This Atmega 32u4 and ESP-12S based device can be used to launch normal auto-run-style keystroke attacks plus much more!
Please note, replacing the firmware will permanently remove the custom zSecurity functions.
Wi-Fi Control Center
ZSCactus can be configured and controlled over Wi-Fi using a mobile-friendly web interface. Simply connect the device to a USB power supply and connect to it’s Wi-Fi network “ZSCactus“. The default password which can be changed from the settings is “zscactus“.
Once connected open up a web browser and navigate to http://192.168.1.1/ to access the control center.
This control center can be used to do the following remotely over Wi-Fi:
1. Execute ready payloads.
2. Manage custom payloads (upload, delete, set as auto-run).
3. Send live keystrikes.
4. Control the mouse.
5. Start the fake Wi-Fi access point (Honeypot).
6. Access the harvested information.
7. Change the device settings.
ZSCactus comes with 10 built-in payloads for Windows, Linux and OSX. These payloads can be used to gain full control over the target system, steal browser data including saved passwords, steal stored Wi-Fi passwords and even download and execute any file you want!
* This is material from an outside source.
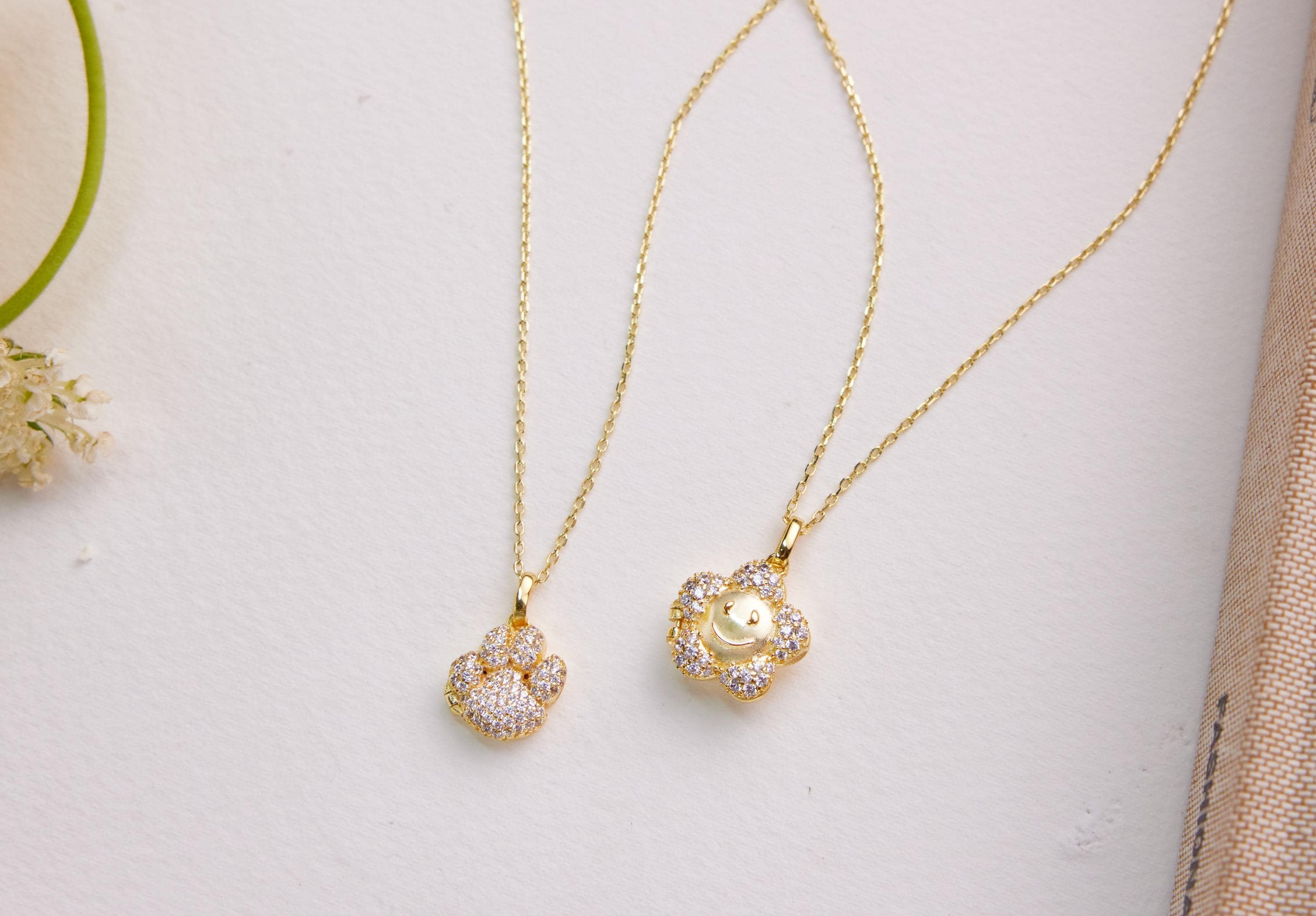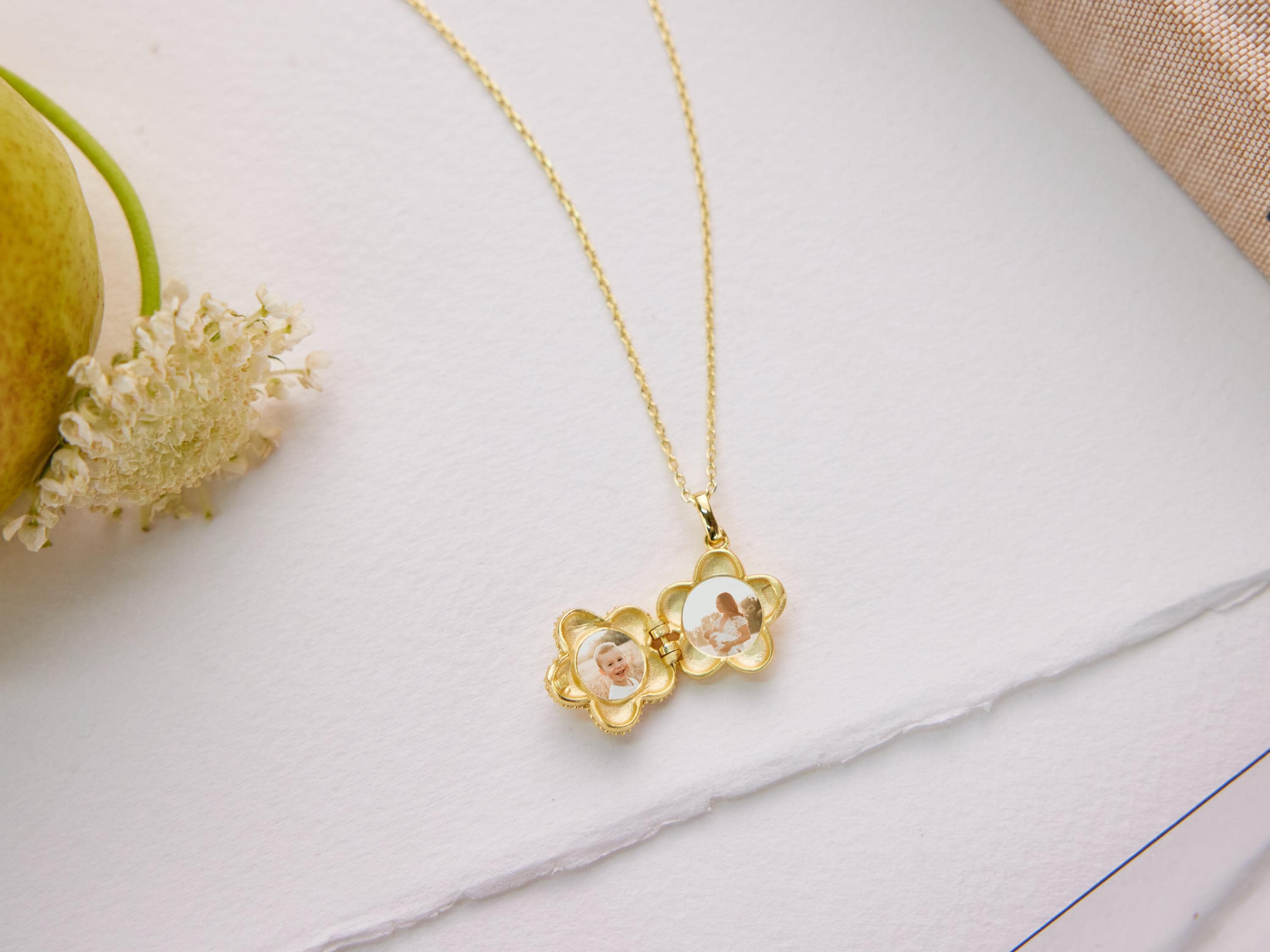 Pavé Flower Smile Photo Locket Necklace

All you have to do is fill in one or two input boxes and ZSCactus will do the rest for you.
This mode can be used to steal login credentials. It creates a fake WiFi network that asks clients to login using their social media account to access the internet. It can also be configured to serve custom HTML pages to hook the connected clients to BeEF or steal other data.
To enable Honeypot Mode click on “Honeypot” from the left menu of the control center and click on “Enable“.
Set the network name in the SSID input box, leave the password blank for an open network, and select the social accounts that you want to enable on the login scree.
When done click on “Apply settings“. Now when people connect to the new fake network (Honeypot) they’ll automatically be get the following page asking them to login to access the internet.
ZSCactus stores the submitted information in it’s storage. Connect to the fake access point, disregard the login prompt and navigate to http://192.168.1.1/home to access the command center. Navigate to “Storage” and you should have a file named “honeypot-log.txt”.
This file contains all the data submitted to the fake login page.
This page allows you to manage your payloads, you can upload, run or delete custom payloads.
You can also set a payload to auto run when the device is connected to a computer.
This page allows you to send live keystrikes, payloads or mouse events remotely over Wi-Fi!
This page allows you to convert Ducky scripts into ZSCactus scripts.
Checkout the resources in the page for ready payloads and for some inspiration 😉
This page can be used to modify the device settings such as the Wi-Fi settings, the delays and more! The default credentials are “admin” / “zscactus”.
This page provides a detailed documentation of all the features that ZSCactus offers and how to use them.